→ **Task goal**: Write the data below out exactly as it stands. Do not include the pictures.

→ **Data below**:
━━━━━━━━━━━━━━━━
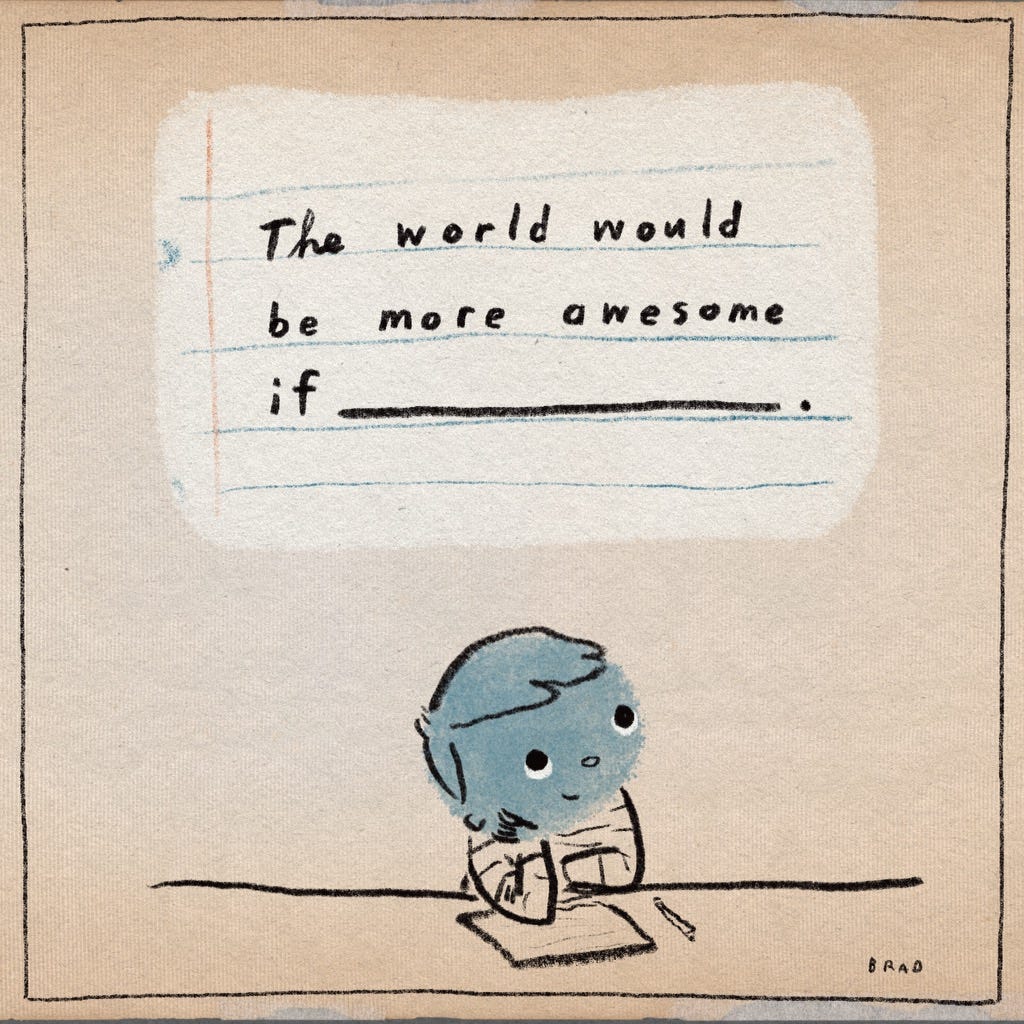 The world would be more awesome if . . . dogs could talk, I had lots of money, people had friends, everybody cared, nobody was ever mean, and on and on.
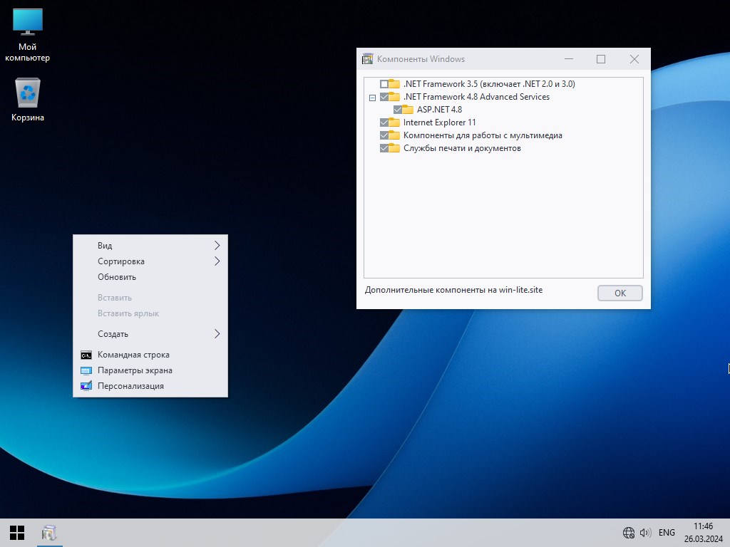 - Удалены Microsoft Store, OneDrive, Hyper-V, IIS, Defender и другие ненужные компоненты
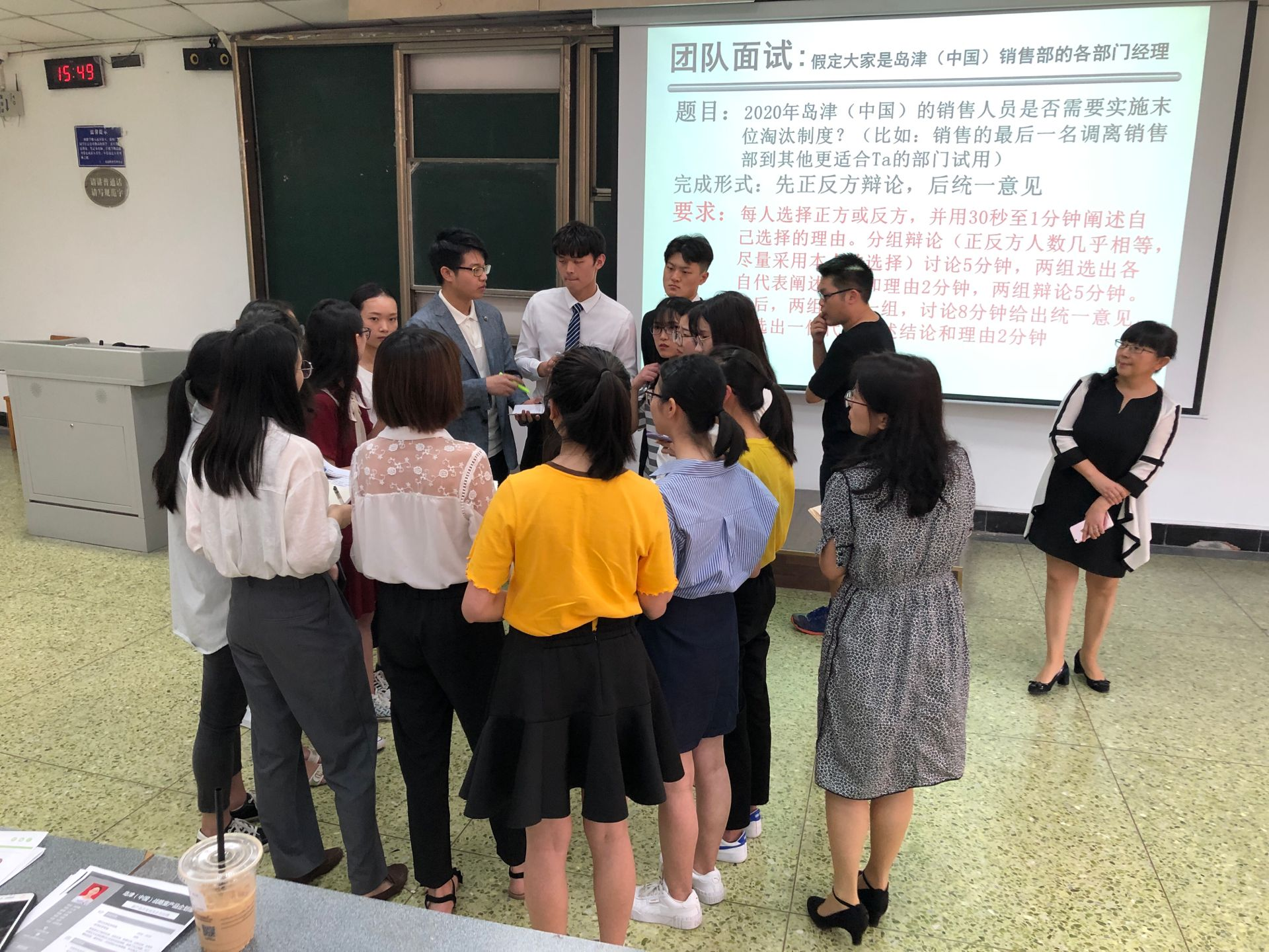 张燕老师用PPT向同学们展示了面试技巧,包括面试前,面试中和面试后的注意事项。马俪老师为大家讲解了简历的制作规范并点评了同学们递交的简历。讲解过后,开始面试,分为两个部分,团队面试和个人面试,最终产生6名同学,获得岛津企业管理(中国)有限公司暑期实习机会。
━━━━━━━━━━━━━━━━
→ **Problem solution**:
 The world would be more awesome if . . . dogs could talk, I had lots of money, people had friends, everybody cared, nobody was ever mean, and on and on.
 - Удалены Microsoft Store, OneDrive, Hyper-V, IIS, Defender и другие ненужные компоненты
 张燕老师用PPT向同学们展示了面试技巧,包括面试前,面试中和面试后的注意事项。马俪老师为大家讲解了简历的制作规范并点评了同学们递交的简历。讲解过后,开始面试,分为两个部分,团队面试和个人面试,最终产生6名同学,获得岛津企业管理(中国)有限公司暑期实习机会。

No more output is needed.